A useful examination of the differences between generalized resistance resources and specific resistance resources should be undertaken with this understanding of psychosocial stressors in mind. At extremes—surviving a plane crash, taking an exam—stressors are stressors from the start, or tensions that simply remain tensions.

An Example: The Turmoil of Adolescence

The starting point for this example is a poor, tough inner city neighbourhood in which a middle school (junior high school) is situated. Virtually all the adolescents attending the school are stressed all the time, by the demands of maturation, peer relations, teachers’ demands, home and community conditions and so on.

The school aspires to be a health promoting school , and strives to meet these goals:

  • Promote the health and well-being of students

  • Enhance the learning outcomes of students

  • Uphold social justice and equity concepts

  • Provide a safe and supportive environment

  • Involve student participation and empowerment

  • Link health and education issues and systems

  • Address the health and well-being issues of all school staff

  • Collaborate with parents and the local community

  • Integrate health into the school’s on-going activities, curriculum and assessment standards.

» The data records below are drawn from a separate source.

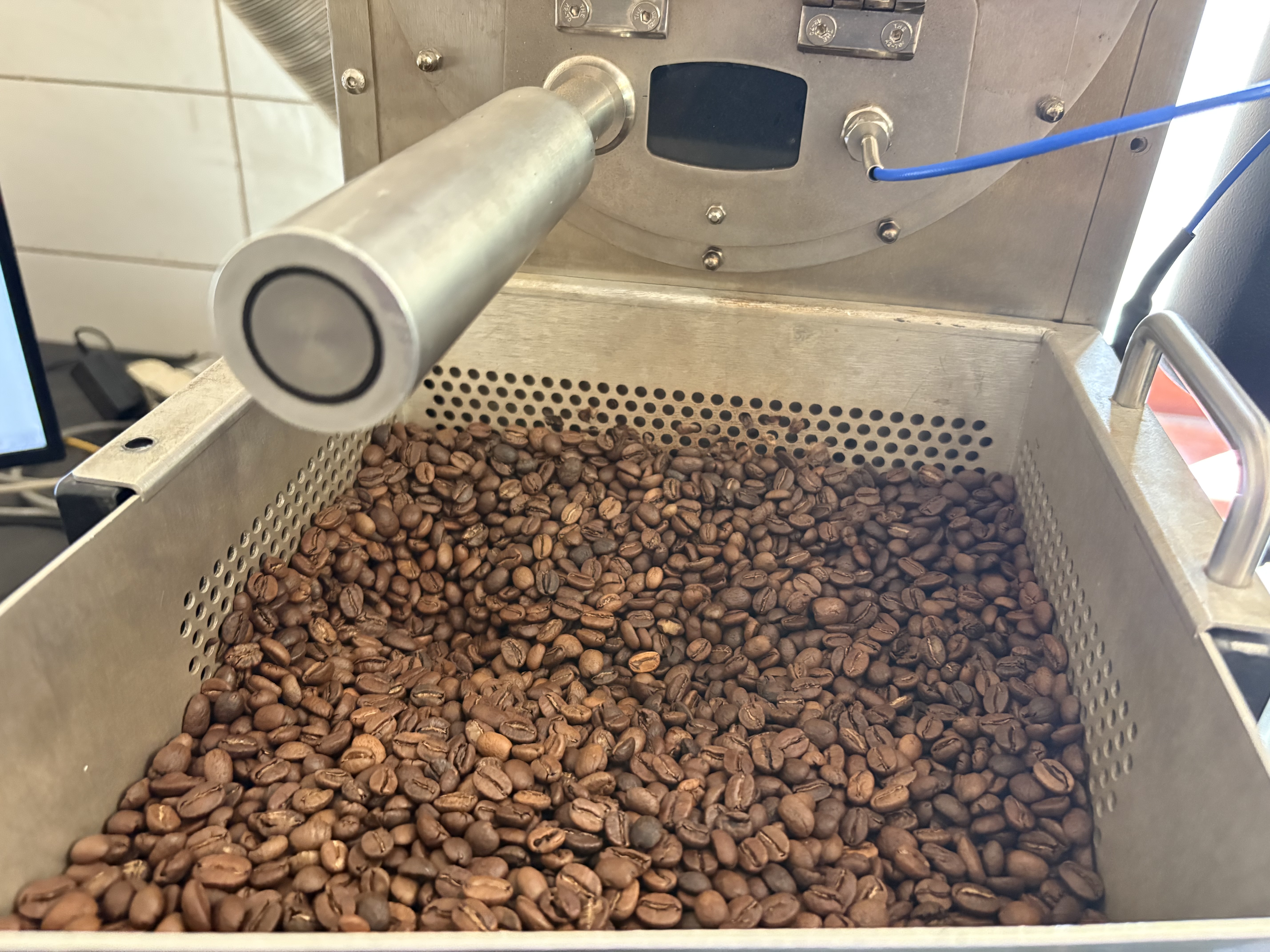Káva ihned po upražení.Než celý proces pražení začne nanovo, musí kavárník vyčistit filtr, do kterého se chytá kávový šaf. Jde o zbytky měkkých obalů zrn, které už nejde odstranit manuálně. Množství šafu kontroluje s každou třetí dávkou, materiál má totiž tendence hořet. Několik pražíren už kvůli němu vyhořelo.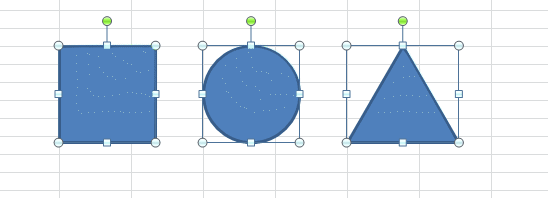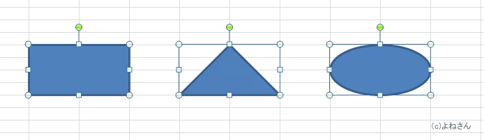 - 図形のハンドルが表示される枠線がセルの枠線に合わされます。円や三角形の場合は下図のようになります。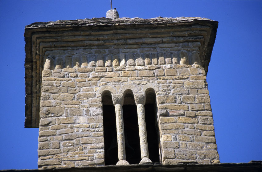Detalle del campanario de la Iglesia de San Pedro de Lasieso (Huesca)

  • Set realistic goals built on accurate data and sound scientific evidence.

  • Seek continuous improvement through on-going monitoring and evaluation

The school is obviously aiming to be a powerful generalized resistance resource for the youth, the staff, the parents and the surrounding community, even if all this is not necessarily expressed in salutogenesis concepts and terms. The salutogenic model of health posits that this school likely contributes to strengthened sense of coherence for many people in the school’s psychosocial environment.

The school is also a repository of, or a portal to, some specific resistance resources:

  • School guidance counsellors who help senior students make education and career choices

  • A programme to support pregnant students to help keep them in school and socially integrated

  • Special education teachers and facilities equipped to help students with learning disabilities

  • Alert and effective connection to community child protection services

These specific resistance resources are present in or around the school, but they are not particularly salient to the adolescents that do not need them, and therefore do not use them. The school as a generalized resistance resource helps contribute in a general way to strengthen the sense of coherence of many pupils, and a strong sense of coherence facilitates the uptake/use of particular specific resistance resources when the need should arise. Let us consider two students. Jack has a typical day, experiencing ‘normal’ strain and hassles, but nothing out of the ordinary happens. Specific resistance resources abound, but this student makes use of none of them; they are not salient. On the same day, Jill discovers she is pregnant, and her sense of coherence is high enough that she does not panic, and sink into depression; rather, she contacts the pregnancy support programme, which she knows about and trusts because of the good experiences of other pupils. The pregnancy support programme is a specific resistance resource for this student, offering services that are highly salient at this particular point in her life.

There is a vexing equity dimension to this. If specific resistance resources are more readily available to those with lots of generalized resistance resources (e.g. money), specific resistance resources might actually contribute to a widened equity gap. Equality in access to specific resistance resources depends on a reasonably fair distribution of generalized resistance resources, so health promotion needs to keep both types in focus.

The aim of this chapter has been modest, simply to illuminate a part of the salutogenic model of health that seems to be overlooked—specific resistance resources actually have as much or more relevance to health promotion practice as do generalized resistance resources. By drawing attention to the special nature of specific resistance resources, one also draws attention to what should be a core aim of health promotion: to ensure that availability of the right specific resistance resources at the right time is not all too often a matter of ‘chance or luck’, as Antonovsky worried.